Двое или трое из членов депутации порывались возразить, но провост Корвизер лучше других представлял и как надлежит блюсти достоинство города, и как следует его представителям вести себя в присутствии этого сурового и властного человека. Он резко, хотя и довольно низко, поклонился аббату, повернулся на каблуках и твердым шагом направился к выходу. Справившись с растерянностью, спутники провоста с неменьшим достоинством последовали за ним.

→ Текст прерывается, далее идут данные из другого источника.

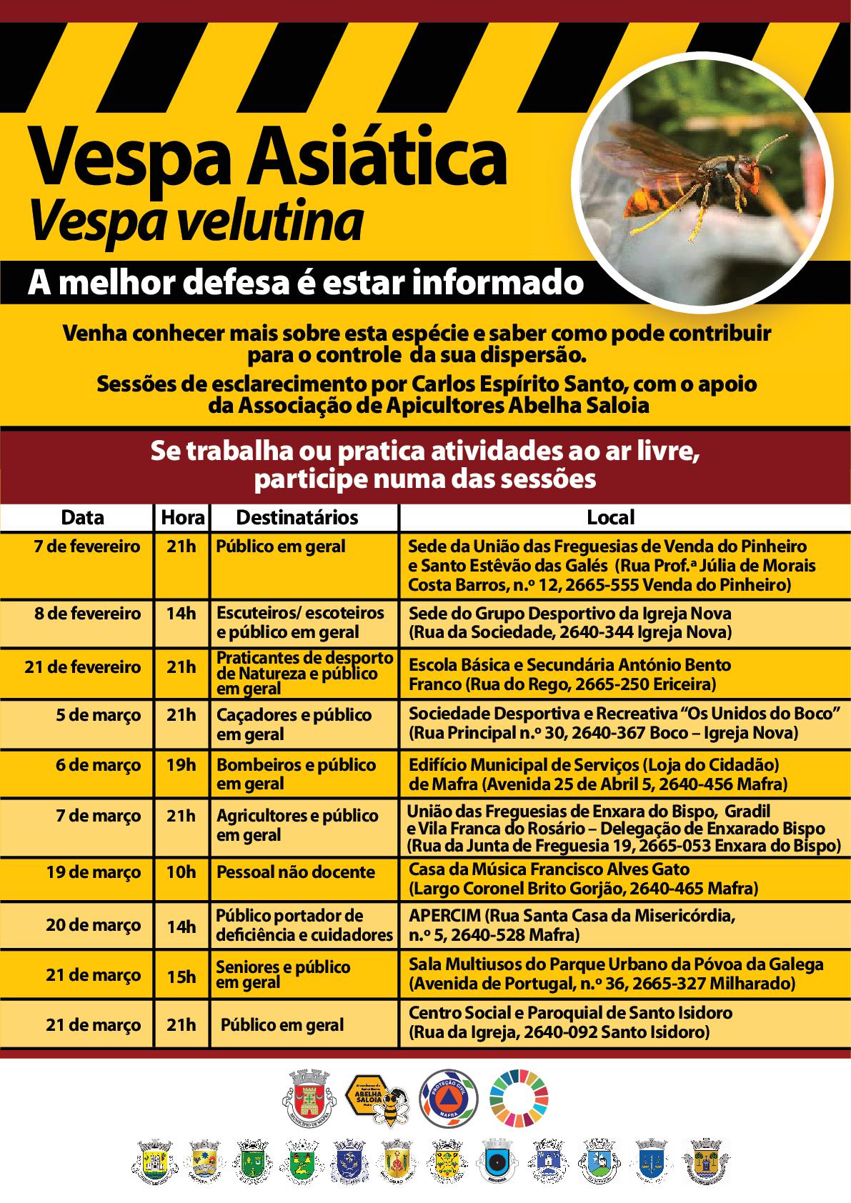 De 7 de fevereiro a 21 de março, estarão a decorrer sessões de esclarecimento e de informação para o combate à Vespa Asiática/ Velutina, em várias freguesias do Concelho de Mafra. Descubra como pode contribuir para o controle desta espécie invasora e como deve agir perante o avistamento de uma Vespa ou de um ninho. A participação não carece de inscrição prévia.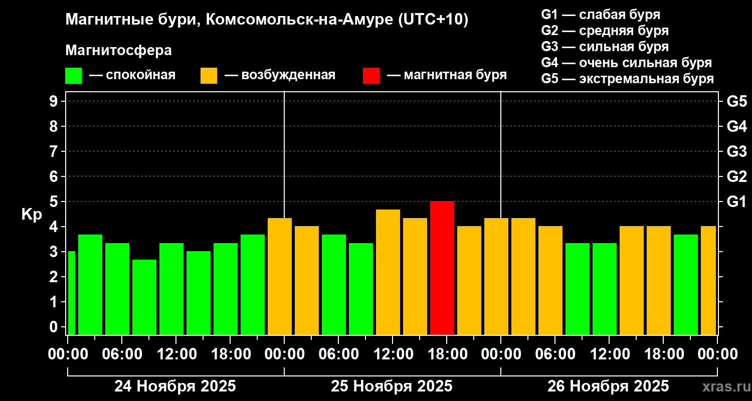 Магнитные бури в Комсомольск-на-Амуре — 26 ноября 2025 года

На ярмарочной площади и по всему предместью, до самых отгороженных монастырских угодий, где дорога на Лондон сворачивает направо, к часовне Святого Жиля, вовсю обустраивались торговые ряды. Ниже по течению от моста, возле плодородной поймы, где раскинулись главные сады аббатства, спешно соорудили временную дощатую пристань. И по реке, и по дороге, пешком, верхом и на лодках, пробираясь через леса и пересекая валлийскую границу, в Шрусбери стекались торговцы всевозможным товаром. А на монастырском дворе собирались именитые люди со всего графства: отпрыски знатных семейств, рыцари и зажиточные йомены со своими чадами и домочадцами. В сельской глуши они обходились домотканым платьем и неприхотливой деревенской пищей, но раз в году съезжались на ярмарку в надежде приобрести роскошные одеяния, изысканные заморские вина, диковинные заморские фрукты и всяческие поделки из золота и серебра. Все эти товары можно было раздобыть только во время ярмарки Святого Петра, а через три дня от них и духу не оставалось. На славное торжище съезжались купцы даже из Фландрии и Германии. Из Франции морем доставляли отменное вино, из Уэльса – тонкую шерсть. В Шрусбери вовсю торговали скроенными по последней моде нарядами, благодаря чему даже жители захолустья могли приодеться не хуже горожан. Правда, пока торговцев прибыло не так уж много – большинство должно было подъехать на следующий день. Купцы рассчитывали, что за день, оставшийся до открытия ярмарки, они успеют расставить палатки, чтобы начать торг рано поутру. Зато покупатели спешили загодя обеспечить себе удобный ночлег на время ярмарки, а потому съезжались заранее.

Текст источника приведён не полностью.